The band's verified Instagram account shared a message on Young's passing that read: "Garrit Allan Robertson Young put Pavement on the map. He recorded all of our records from the 'Slay Track's 7 through to the 'Watery, Domestic' EP. He did it all in his garage, a studio called Louder Than You Think."
"He was made to play drums in rock and roll bands. ... He drummed very hard from a different planet despite being born and raised in Mamaroneck, New York on the easiest birthdate ever to remember (5/3/52)," the seven-slide text post reads. "Without Gary, many people would not have noticed us. In all of the best ways, he was a freak show. He was magnetic. He was magical. He was dangerous. We could think of him as an uncle, an older brother that none of us had. But he was a rare breed called Gary aka The Rotting Man."
Pavement's record label, Matador Records, also paid tribute to Young on its Instagram account.
"We were exceedingly lucky to know the amazing human, drummer, producer and solo artist Gary Young. Much love today to his family, friends and bandmates," the label posted Thursday alongside an archival photo of the drummer.
A cause of death was not revealed.
'Next thing you know, I'm in the band,' Gary Young said of becoming Pavement's drummer
Earlier this year, a documentary about Young, "Louder Than You Think," premiered at SXSW and won an audience award. The "up-close cinematic walkabout through the life of Gary Young, the original (and highly unlikely) drummer of indie rock royalty Pavement," has been screening around the world.

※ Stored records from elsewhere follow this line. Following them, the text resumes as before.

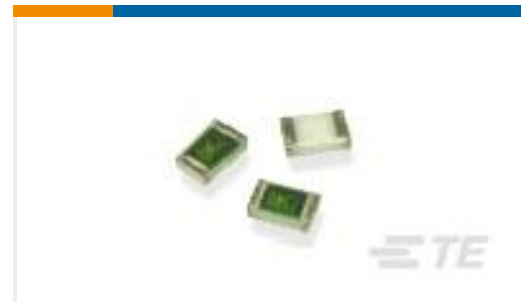
TE 产品编号3-1879129-7 RN 0402 1K62 0.1% 10PPM CUT LENGTH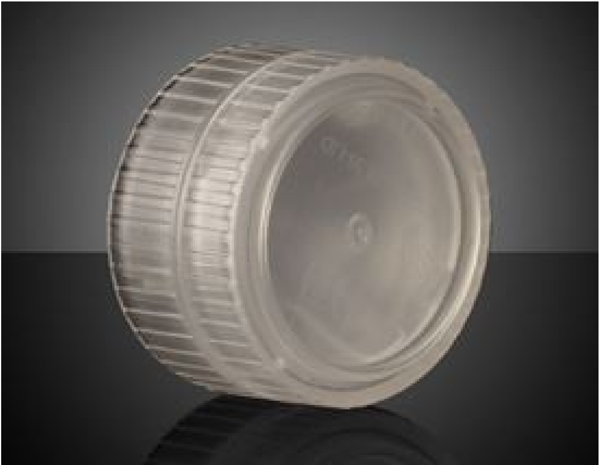
Non-Contact Impact Case for 19.1 Dia. x6.35mm Thick Optics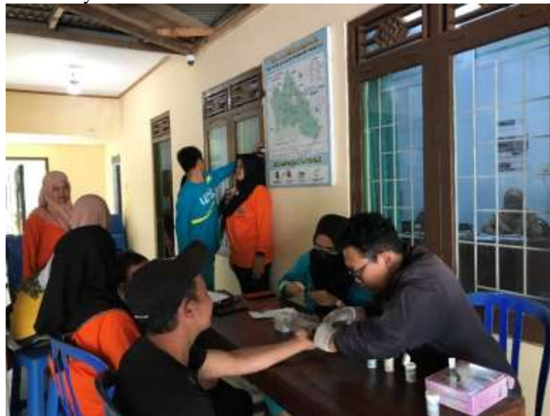
Gambar 4. Pengecekan gula darah

Untuk memastikan kelancaran dan efisiensi dalam proses cek kesehatan, kegiatan ini dibagi menjadi tiga pos. Pos pertama adalah pos daftar hadir, di mana seluruh peserta yang mengikuti kegiatan diwajibkan untuk mengisi daftar hadir sebagai bukti kehadiran dan untuk mencatat identitas peserta. Pos ini juga berfungsi untuk mengatur alur peserta agar dapat dilayani dengan tertib di pos-pos berikutnya.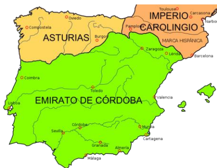
Situatie in de 9 e eeuw: Burgos is grensstad

Na de herovering van gebieden ten zuiden het Cantabrisch gebergte ontstond rond 814 een grens tussen het christelijke koninkrijk Asturië (Castilië en León bestonden nog niet) en het islamitische emiraat van Córdoba.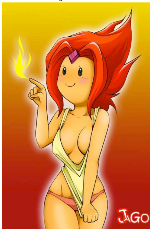
Gráfico 7: Eróticos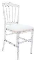
NAPOLÉON TRANSPARENTE RÉFÉRENCE: 507T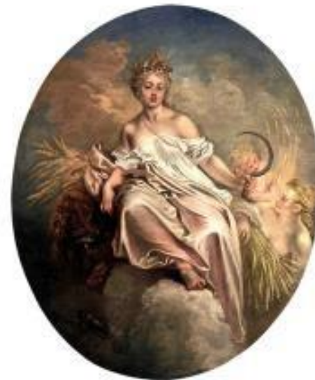
Ceres, deusa mãe, deusa das plantas e dos cereais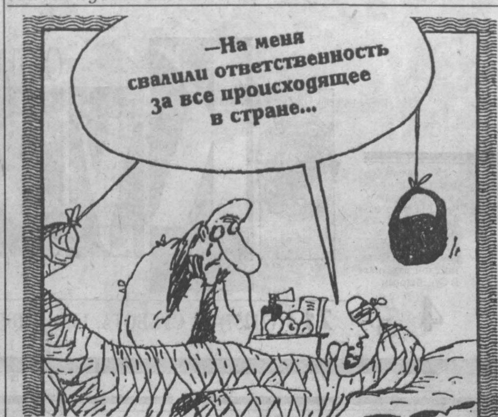
Рис. В. Шилова.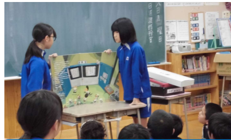
「図書委員による読み聞かせ」 四ツ屋小学校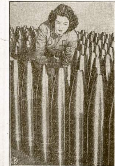
Kanadietė mergina amunicijos fabrike, kur pirmiau tedirbo tik vyrai. Vyrai šandien karo lauke ir jiems būtinai reikalinga daugybė ginklų ir amunicijos. Dėlto moterys užima vis daugiau ir daugiau "vyriškų" darbų.

Atrodo, kad nevien nepasitenkinama savo karine vadovybe reikišias Anglijoje. Kyla tikras judėjimas prieš visų ginkluotų jėgų, ypač orlaivyno vadovybę. Orlaivyno vadovybė daug sykių yra pasakiusi, kad RAF gali apsiėiti be neriančių lėktuvų (dive bombers). Dabar, kada vokiečių karo laivai sugebėjo pasprukti iš po pat Britanijos orlaivyno ir laivyno panosės, pažymima, kad turint didesnę skaičių neriančių lėktuvų gal ir būtų buvę galima dalį vokiečių laivų sunaikinti. Ta proga atmintime, kad Anglijos aviacijos ministeris yra tas pats čemberleinietas, kuris tūlą laiką atgal buvo pasakęs, kad jam nesvarbu ar naciai sumuš SSSR. Tuo laiku tas buvo sukėles didžiausią protesto bangą Anglijoje. Išvadas patys padarykite.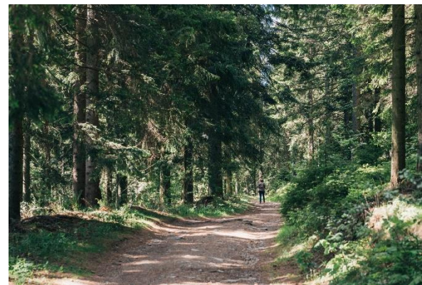
Wanderung auf der Brandluckn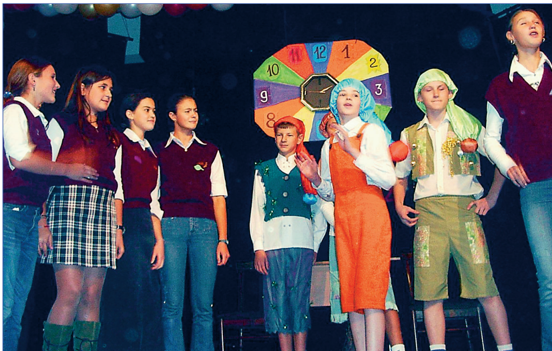
“Мы охраняем часы знаний!”

Но все оказалось не так просто. Для того, чтобы получить хотя бы одну из них, пришлось выполнять различные задания, которые им давали волшебники. Благодаря уму, ловкости, смекалке и стремлению к победе ребята справились с задачей, хотя они проходили через действительно сложные испы-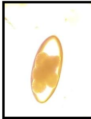
Huevo de Nematodirus spatiger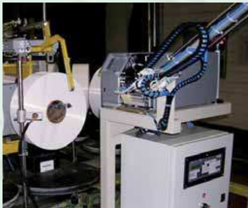
Sistema ETICONO per l'applicazione di etichette all'interno dell'anima di bobine, rocche ecc. "ETICONO" System for applying labels inside bobbins, reels etc.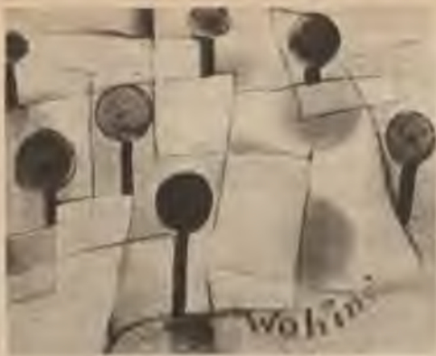
Pauls Klee: Koki.

Visos laikos mākslinieki pratuši cildināt savas dzimtenes āres. Bet ko gan nozīmē pasaules klaidoņiem žīdiem un viņu perversiem sekotājiem vācu ainava? Dabas skaistums te ļauni izķēmots.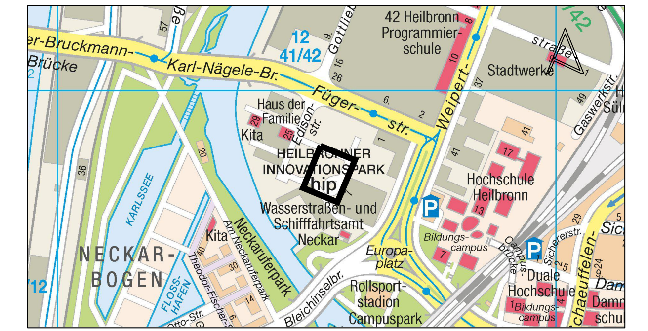
Kartgrundlage: Vermessungs- und Katasteramt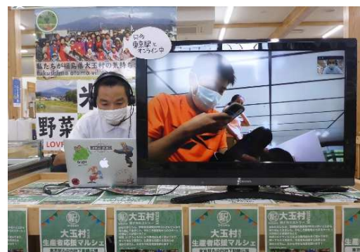
▲オンライン交流マルシェ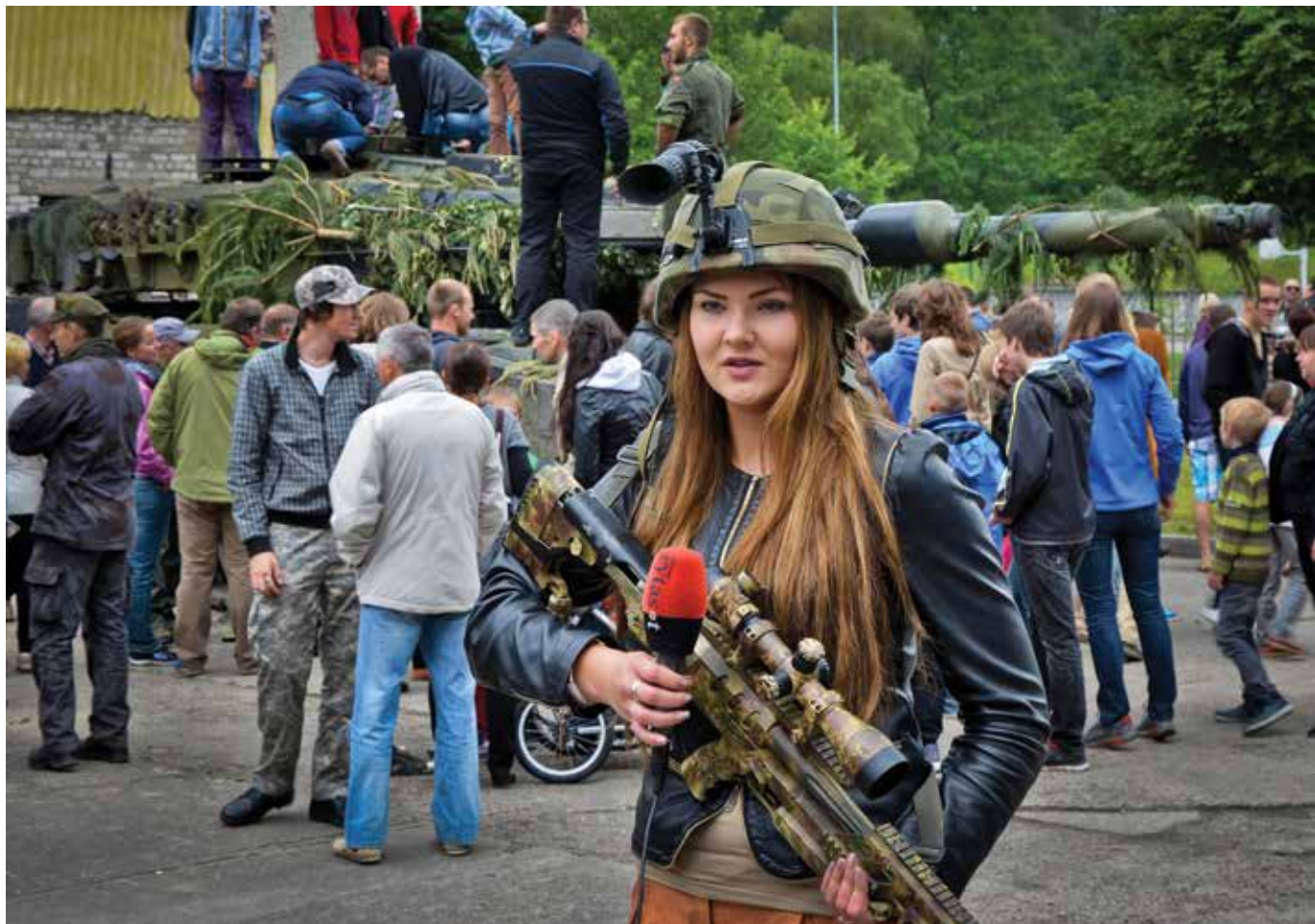
Vainius Eiva Koviniam reportažui pasiruošta. Per tarptautines pratybas „Kardo kirtis 2014“, visuomenės diena, 2014 m. birželis Full combat readiness for a combat report. DV Day at Exercise Saber Strike 2014. June 2014

"His booze and drugs-fueled antics (on-stage handstands, gifting vegetables to fans) and haphazard production methods (accidentally helping launch the lo-fi aesthetic) were both a driving force of the band’s early rise and the cause of his eventual crash landing," reads the 90-minute film's description.
In a 2015 interview with Vice, Young recalled how he first got involved with his future bandmates Malkmus and Scott Kannberg when Pavement was just being formed in the late '80s. Malkmus and Kannberg would come to his shows with the band The Fall Of Christianity and recorded their first EPs, as well as their first studio album, "Slanted and Enchanted" (1992), with Young at his home studio.
"In the beginning, they had no drummer so I invited myself to play drums and next thing you know, I'm in the band," Young said. "Here's the deal: When I first heard them, I did not understand it. I'd tell my friends in New York I just made this weird record and I don't really know how to describe it."
He added, "Three or four years later, I realized that we had really done something. But it took me a long time to figure it out."